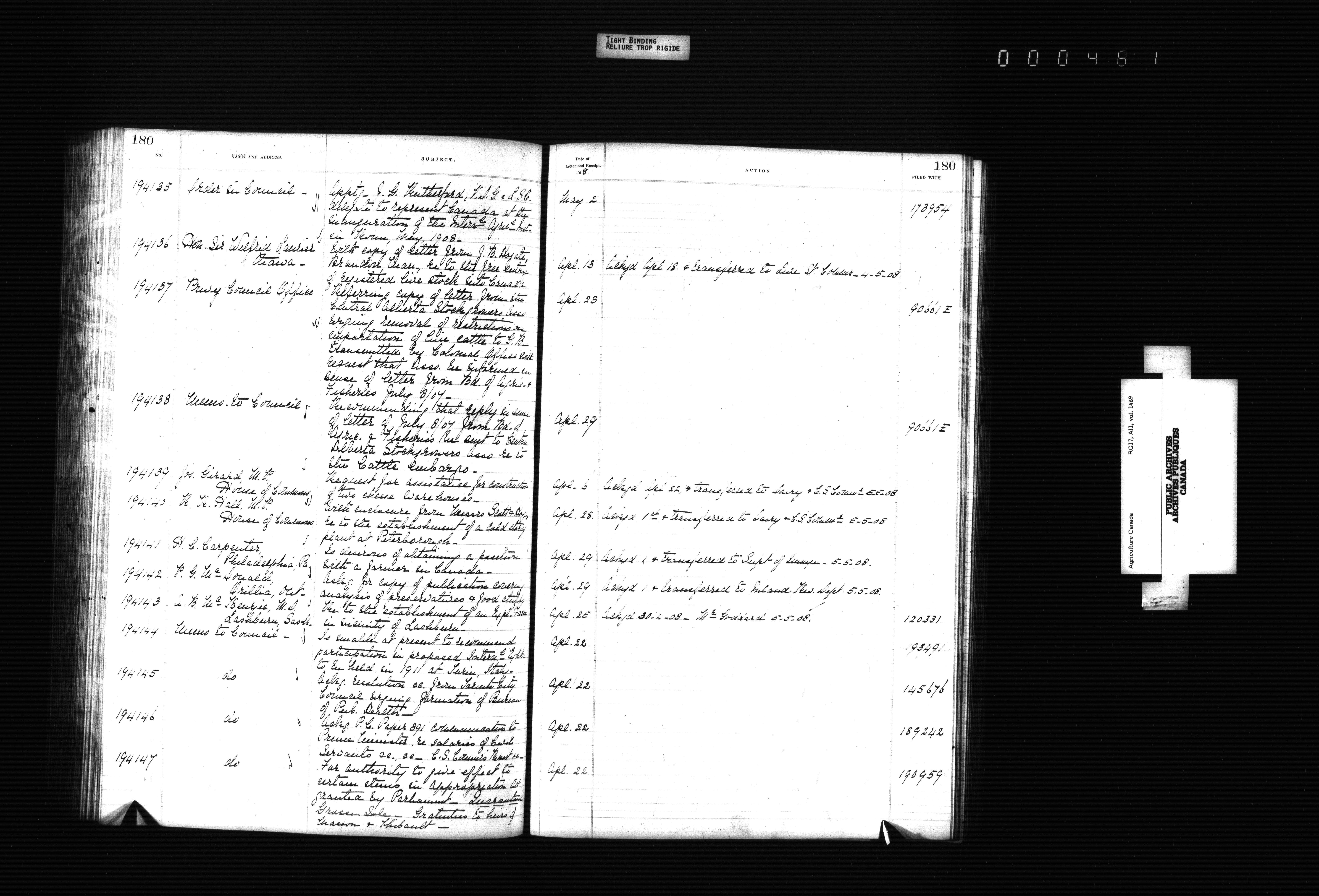 Department of Agriculture : Docket and letterbook registry system, general correspondence - 4391
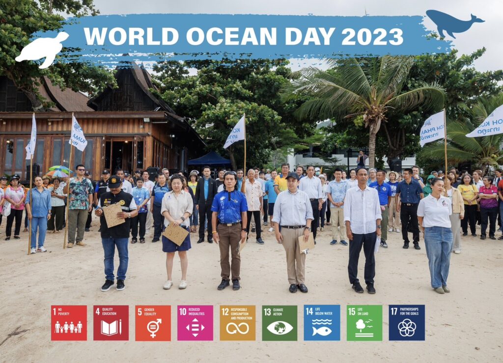 8 มิ.ย. – ธนาคารกรุงไทย ร่วมกับโครงการพัฒนาแห่งสหประชาชาติ (UNDP) ประเทศไทย ประชาคมชาวเกาะ จำนวน 21 เกาะ และ ภาคีเครือข่าย จำนวน 23 องค์กร ร่วมประกาศปฏิญญาชาวเกาะเนื่องในวันมหาสมุทรโลก ซึ่งตรงกับวันที่ 8 มิถุนายนของทุกปี เพื่อขับเคลื่อนไปสู่เป้าหมายพัฒนาการท่องเที่ยวอย่างยั่งยืน ภายใต้ยุทธศาสตร์ชาติด้านการท่องเที่ยวด้วยการขับเคลื่อนโมเดล Bio Circular Green (BCG) : เศรษฐกิจชีวภาพ เศรษฐกิจหมุนเวียน และเศรษฐกิจสีเขียว พร้อมส่งมอบซั้งปลาให้ชาวประมง เป็นการแสดงจุดยืนเชิงสัญลักษณ์ว่าประชาคมชาวเกาะทั่วประเทศไทยจะร่วมกันปกป้องทรัพยากรทางทะเล เพื่อรักษาความอุดมสมบูรณ์และคงภูมิปัญญาและวิถีชีวิตของชุมชนชาวเกาะให้คงอยู่ ในวันที่ระดับน้ำทะเลกำลังเปลี่ยนแปลงไป (Protect Ocean: Tides are changing)
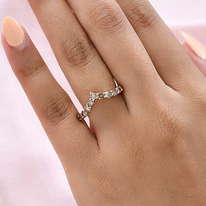The charm and luxury of this white diamond gold ring will create a magnetic effect on each onlooker and compel them to admire its enchanting beauty. The outstanding wishbone style of this ring makes it ideal to be presented to someone you adore the most. Expert artisans have designed and crafted this ring using the precious 9K rose gold. The V-shaped head is decorated with pieces of round faceted-cut diamonds, exhibiting their charming lustre and creating a coveting sparkle. Adding this ring to your attire will grace your looks.

What you have to do -> Return the full listing above exactly as written, and omit the pictures.

Answer to this problem ->
 Department of Agriculture : Docket and letterbook registry system, general correspondence - 4391
 8 มิ.ย. – ธนาคารกรุงไทย ร่วมกับโครงการพัฒนาแห่งสหประชาชาติ (UNDP) ประเทศไทย ประชาคมชาวเกาะ จำนวน 21 เกาะ และ ภาคีเครือข่าย จำนวน 23 องค์กร ร่วมประกาศปฏิญญาชาวเกาะเนื่องในวันมหาสมุทรโลก ซึ่งตรงกับวันที่ 8 มิถุนายนของทุกปี เพื่อขับเคลื่อนไปสู่เป้าหมายพัฒนาการท่องเที่ยวอย่างยั่งยืน ภายใต้ยุทธศาสตร์ชาติด้านการท่องเที่ยวด้วยการขับเคลื่อนโมเดล Bio Circular Green (BCG) : เศรษฐกิจชีวภาพ เศรษฐกิจหมุนเวียน และเศรษฐกิจสีเขียว พร้อมส่งมอบซั้งปลาให้ชาวประมง เป็นการแสดงจุดยืนเชิงสัญลักษณ์ว่าประชาคมชาวเกาะทั่วประเทศไทยจะร่วมกันปกป้องทรัพยากรทางทะเล เพื่อรักษาความอุดมสมบูรณ์และคงภูมิปัญญาและวิถีชีวิตของชุมชนชาวเกาะให้คงอยู่ ในวันที่ระดับน้ำทะเลกำลังเปลี่ยนแปลงไป (Protect Ocean: Tides are changing)
The charm and luxury of this white diamond gold ring will create a magnetic effect on each onlooker and compel them to admire its enchanting beauty. The outstanding wishbone style of this ring makes it ideal to be presented to someone you adore the most. Expert artisans have designed and crafted this ring using the precious 9K rose gold. The V-shaped head is decorated with pieces of round faceted-cut diamonds, exhibiting their charming lustre and creating a coveting sparkle. Adding this ring to your attire will grace your looks.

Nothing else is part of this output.